__Brief__. For each record below, retype the text exactly and omit any image.

__Records for this exercise__.
[Start of section]

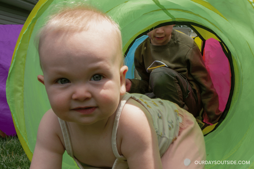 Use whatever materials are around (natural and man-made) and have the kids create things to jump over, climb on, crawl through, etc. We love this tunnel and these stepping stones. Half of the fun for my son is the actual set-up. And, of course, you have to pretend that the floor is lava ๐ .
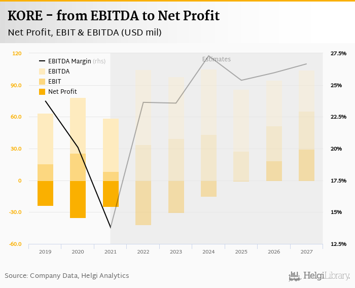 KORE made a net profit of USD -24.5 mil with revenues of USD 248 mil in 2021, up by 30.5% and up by 16.1%, respectively, compared to the previous year. This translates into a net margin of -9.85%.
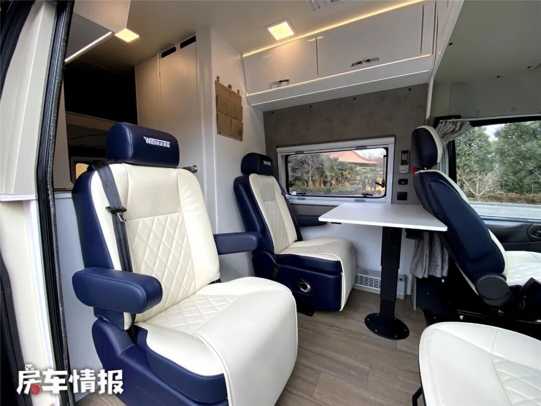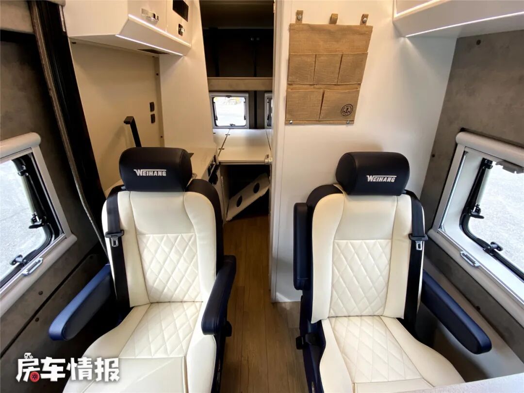 会客区的两张独立乘用车级座椅是我个人比较推荐的,近似于航空座椅的板型,能够在长途乘坐时提供更加舒适的体验,不论是老伴坐还是小孙子孙女坐,都会感到非常舒服。
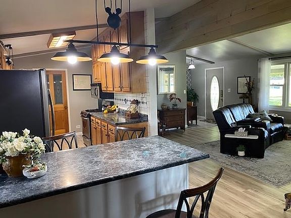 BIG CHAPMAN LAKE, all-sport lake, access with tremendous LAKE views from TWO levels!! Extraordinary property, checking all the boxes! 2200 updated living square feet, 3 bedrooms, 2 baths, with attached 2 car garage, .75+/- A lot adjacent to agricultural acreage, 4-car detached garage for all the water toys and more! New HVAC system, new upper roofing, stainless appliances, decking refreshed, all new first floor deluxe vinyl (driftwood), fresh paint, white trim, solid six panel doors, barn doors and so much more. Enjoy the open concept with living, eat-in kitchen, and family room! Fantastic for the lake gatherings and bringing loved ones together. Vaulted ceiling accommodate bountiful kitchen cabinet storage, combination white and natural oak finishes, black/white/gray designer ceramic backsplash, spacious breakfast bar, large walk-in pantry closet, easy access to large backyard deck for grilling and outdoor entertaining. The 480 square foot family room displays a floor to ceiling stone fireplace/wood furnace, vaulted-two story ceiling of seasoned knotty-pine, solid 3/8 inch hickory wood flooring, attractive grand bay window letting in western daylight! Master suite, 480 square feet, with 24 ft wall of window overlooking the water!, walk-in closet, jet tub, ceramic shower, your private get-away. Home has been inspected. Home has deeded access to 30 feet on the channel in front of the home within 40 feet of the property. Survey available. What an opportunity!! Open House, Thursday, 8/26/2021, 5-7
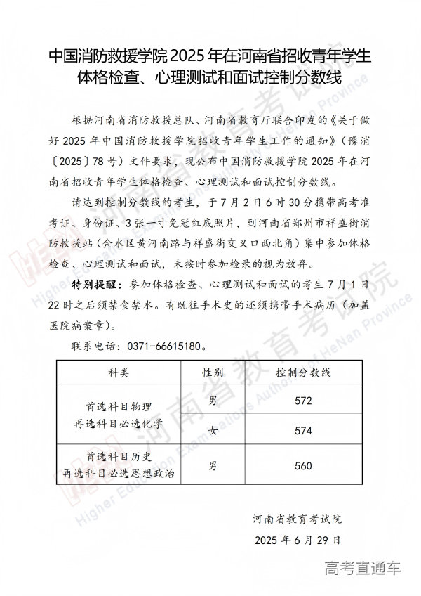 中国消防救援学院2025年在河南省招收青年学生体格检查、心理测试和面试控制分数线
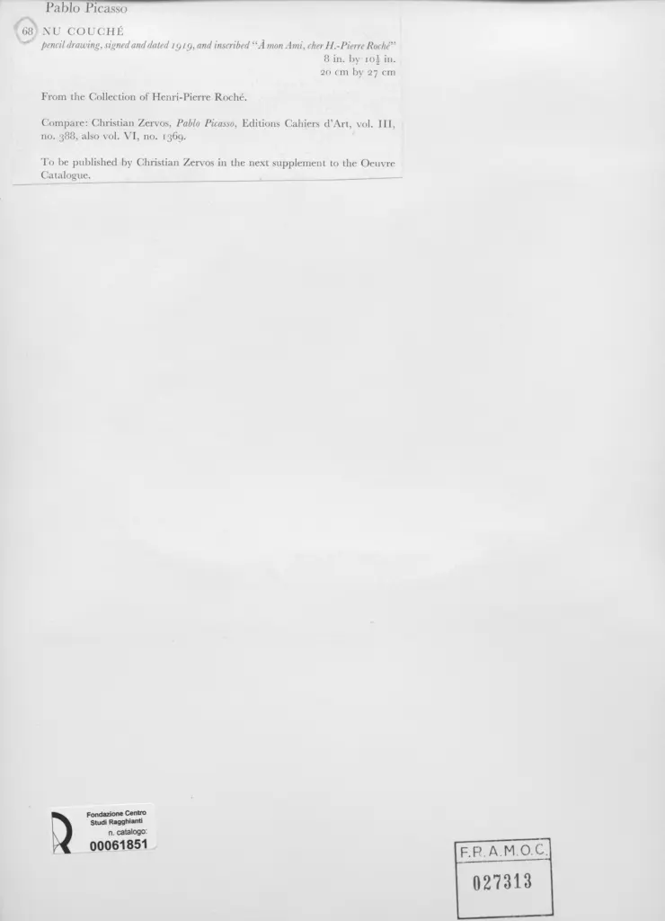 • Anonimo , Picasso, Pablo - sec. XX - Nu couché , fronte
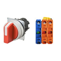 セレクタスイッチ(φ22), 非照光, 3ノッチ, 金属ベゼル, 左に自動復帰, 操作部色: 赤(不透明), IP66, ねじ端子台, 接点構成: NC/NC/NO
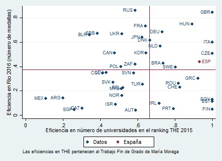 Hace unos días se publicaba un artículo de mi cosecha (junto con Carlos Gómez-González y José Manuel Santos-Sánchez) titulado “A country-level efficiency analysis of the 2016 Summer Olympic Games in Rio: A complete picture”, aquí el enlace a la revista y aquí el enlace a una versión completa de acceso no restringido. Las tres contribuciones principales de dicho artículo son considerar el número de deportistas en los JJ.OO. como uno de los outputs para calcular la eficiencia de los países, una metodología para calcular la ineficiencia de los países que no obtienen ninguna medalla así como resaltar la importancia de estimar las funciones entre similares (e.g., países del mismo continente). España, en los Mundiales de Londres 2017, no ha conseguido ningún metal por primera vez en la historia de los Mundiales de Atletismo. Desde luego es un retroceso, pero a continuación voy a presentar los resultados replicando la metodología de dicho artículo.

[End of section]

__Response__.
 Use whatever materials are around (natural and man-made) and have the kids create things to jump over, climb on, crawl through, etc. We love this tunnel and these stepping stones. Half of the fun for my son is the actual set-up. And, of course, you have to pretend that the floor is lava ๐ .
 KORE made a net profit of USD -24.5 mil with revenues of USD 248 mil in 2021, up by 30.5% and up by 16.1%, respectively, compared to the previous year. This translates into a net margin of -9.85%.
 会客区的两张独立乘用车级座椅是我个人比较推荐的,近似于航空座椅的板型,能够在长途乘坐时提供更加舒适的体验,不论是老伴坐还是小孙子孙女坐,都会感到非常舒服。
 BIG CHAPMAN LAKE, all-sport lake, access with tremendous LAKE views from TWO levels!! Extraordinary property, checking all the boxes! 2200 updated living square feet, 3 bedrooms, 2 baths, with attached 2 car garage, .75+/- A lot adjacent to agricultural acreage, 4-car detached garage for all the water toys and more! New HVAC system, new upper roofing, stainless appliances, decking refreshed, all new first floor deluxe vinyl (driftwood), fresh paint, white trim, solid six panel doors, barn doors and so much more. Enjoy the open concept with living, eat-in kitchen, and family room! Fantastic for the lake gatherings and bringing loved ones together. Vaulted ceiling accommodate bountiful kitchen cabinet storage, combination white and natural oak finishes, black/white/gray designer ceramic backsplash, spacious breakfast bar, large walk-in pantry closet, easy access to large backyard deck for grilling and outdoor entertaining. The 480 square foot family room displays a floor to ceiling stone fireplace/wood furnace, vaulted-two story ceiling of seasoned knotty-pine, solid 3/8 inch hickory wood flooring, attractive grand bay window letting in western daylight! Master suite, 480 square feet, with 24 ft wall of window overlooking the water!, walk-in closet, jet tub, ceramic shower, your private get-away. Home has been inspected. Home has deeded access to 30 feet on the channel in front of the home within 40 feet of the property. Survey available. What an opportunity!! Open House, Thursday, 8/26/2021, 5-7
 中国消防救援学院2025年在河南省招收青年学生体格检查、心理测试和面试控制分数线
 • Anonimo , Picasso, Pablo - sec. XX - Nu couché , fronte
 セレクタスイッチ(φ22), 非照光, 3ノッチ, 金属ベゼル, 左に自動復帰, 操作部色: 赤(不透明), IP66, ねじ端子台, 接点構成: NC/NC/NO
 Hace unos días se publicaba un artículo de mi cosecha (junto con Carlos Gómez-González y José Manuel Santos-Sánchez) titulado “A country-level efficiency analysis of the 2016 Summer Olympic Games in Rio: A complete picture”, aquí el enlace a la revista y aquí el enlace a una versión completa de acceso no restringido. Las tres contribuciones principales de dicho artículo son considerar el número de deportistas en los JJ.OO. como uno de los outputs para calcular la eficiencia de los países, una metodología para calcular la ineficiencia de los países que no obtienen ninguna medalla así como resaltar la importancia de estimar las funciones entre similares (e.g., países del mismo continente). España, en los Mundiales de Londres 2017, no ha conseguido ningún metal por primera vez en la historia de los Mundiales de Atletismo. Desde luego es un retroceso, pero a continuación voy a presentar los resultados replicando la metodología de dicho artículo.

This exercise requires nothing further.